Jeanne Sarson and Linda MacDonald are determined to have non-state torture recognized as a human rights violation and a crime

Jun 03, 2016, By: Debra Huron
Jeanne Sarson and Linda MacDonald
Teckles Photography Inc.

Jeanne Sarson and Linda MacDonald are hopeful they are nearing success in their 23-year campaign to have non-state torture recognized as a human rights violation and a crime in Canada, thanks to a private member’s bill now at the committee stage in the House of Commons.

Liberal MP Peter Fragiskatos introduced Bill C-242 in the House in February. On April 21, during second reading of the bill, MPs lauded Sarson and MacDonald for their commitment to human rights and social justice. The bill was referred to the standing committee on justice and human rights for debate.

Non-state torture (NST) refers to ongoing mental, physical and sexualized violence that occurs in domestic or commercial spheres. Both nurses say they suffered violence and abuse when they were growing up, which made them open and sensitive to the horrific stories of violence they heard from patients.

The two advocates are Maritimers by birth and live in Truro, N.S. Sarson started her career in public health, living for 11 years in the Canadian Arctic and working in nursing stations and hospitals there. MacDonald has worked in hospitals, in community health and in home care. Sarson was working as a public health nurse and MacDonald as a continuing care coordinator in Truro when they met in 1989. They were sharing an office. “We would talk to each other after work about our philosophies and beliefs,” says Sarson. They discovered they were like minded and became friends.

While continuing in their full-time roles, they started a private practice, one evening a week, to support individuals who had self-identified as enduring relationship violence. Their debriefings often revolved around the long-term mental, emotional and physical violence they were hearing about — mostly, but not exclusively, from women — that were clearly torture, rather than abuse. “We knew we were listening to crimes, grave crimes, that were human rights violations,” says MacDonald. She adds that these crimes include electric shocking, whipping and beating, inflicting psychological torture, immobilizing or suffocating, and withholding food, drink and sleep.

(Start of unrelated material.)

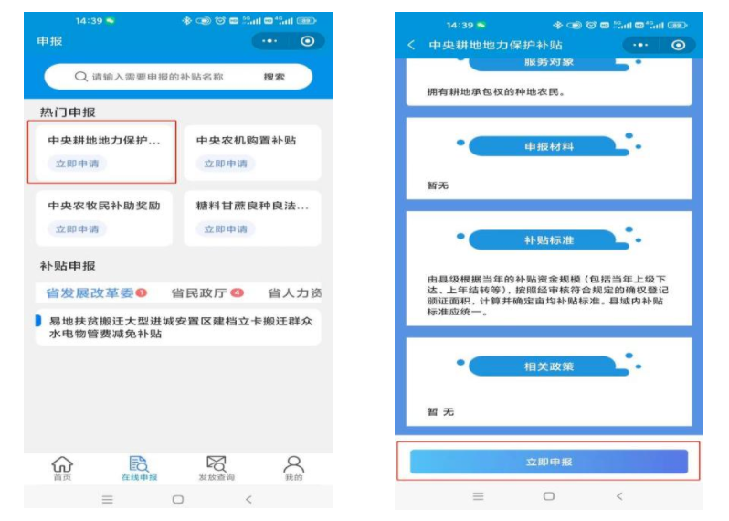 点击小程序首页热门服务下的“在线申报”——立即申报,即可进行相应的申报操作。找到需要申报的补贴项目点击进入申报页面,可在申报须知和流程审批页面点击【立即申报】,可选择【为自己申报】进入补贴申报界面填写相关个人申报信息,填写完成并确认无误后点击【立即申请】进入资料上传界面。

In exploring the Criminal Code, they realized that although it contained provisions to prosecute officials, such as peace officers, public officers and members of the Canadian Forces for acts of state torture, NST had been ignored in the justice system.

Sarson and MacDonald committed to ensuring the code would one day be amended. They knew that without a law dealing specifically with NST, victimized individuals were limited to pressing charges for types of assault. “If someone who had been tortured wanted to go to court, they couldn’t go and say they were tortured,” Sarson explains. “In my opinion, that is like being forced to consent to not really telling the truth and being silenced. If you’ve been raped thousands of times over 20 years, it is not an assault.”

Seeking national and international allies, they joined NGOs that supported recognition of NST as a human rights violation and that had standing to advocate at the United Nations. Ultimately, the UN’s Committee Against Torture made a recommendation that Canada add NST to the Criminal Code. “This was a huge success,” Sarson says, “and a pivotal moment in our activism.”

She says their website nonstatetorture.org (launched in 2004 to help raise awareness), has attracted national and international attention. More than 5,000 people who have personal stories of NST have contacted them for information and support.

The two report that CNA, the Native Women’s Association of Canada and the Canadian Federation of University Women are among the groups that have written letters in recent months to MPs and to the minister of justice in support of the bill. And they are enthusiastic about an online petition, launched by Fragiskatos, giving the public a chance to back it as well

The response has given new optimism to the nurses, who admit they are battle fatigued. “It’s been painful and demanding,” Sarson says of their decades-long efforts. “Over the years, many people told us to our faces that we were out to lunch.” Writing letters, lobbying politicians, travelling to UN meetings, garnering support and responding to the stories of those who have been victimized has meant time away from husbands, children and other pursuits.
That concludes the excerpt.